Information shown below:

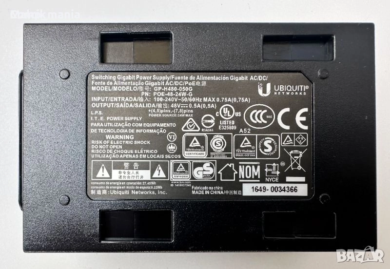 Гигабитов PоE инжектор Ubiquiti POE-48-24W-G → Обява 51984409
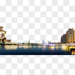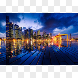 城市夜景倒映湖面
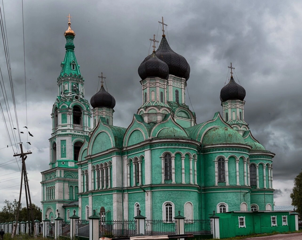 Особого внимания заслуживает композиционное решение собора: мощный четверик увенчан пятью главами, символизирующими Христа и четырех евангелистов. Черные купола с золотыми звездами contrastно выделяются на фоне небесной лазури, а золотой шпиль колокольни, достигающий значительной высоты, служит вертикальной доминантой всего архитектурного ансамбля.

End of Information shown.

▶ Task statement: Copy out all of the data word for word. Do not carry over any picture.

▶ Answer space:
 Гигабитов PоE инжектор Ubiquiti POE-48-24W-G → Обява 51984409
 城市夜景倒映湖面
 Особого внимания заслуживает композиционное решение собора: мощный четверик увенчан пятью главами, символизирующими Христа и четырех евангелистов. Черные купола с золотыми звездами contrastно выделяются на фоне небесной лазури, а золотой шпиль колокольни, достигающий значительной высоты, служит вертикальной доминантой всего архитектурного ансамбля.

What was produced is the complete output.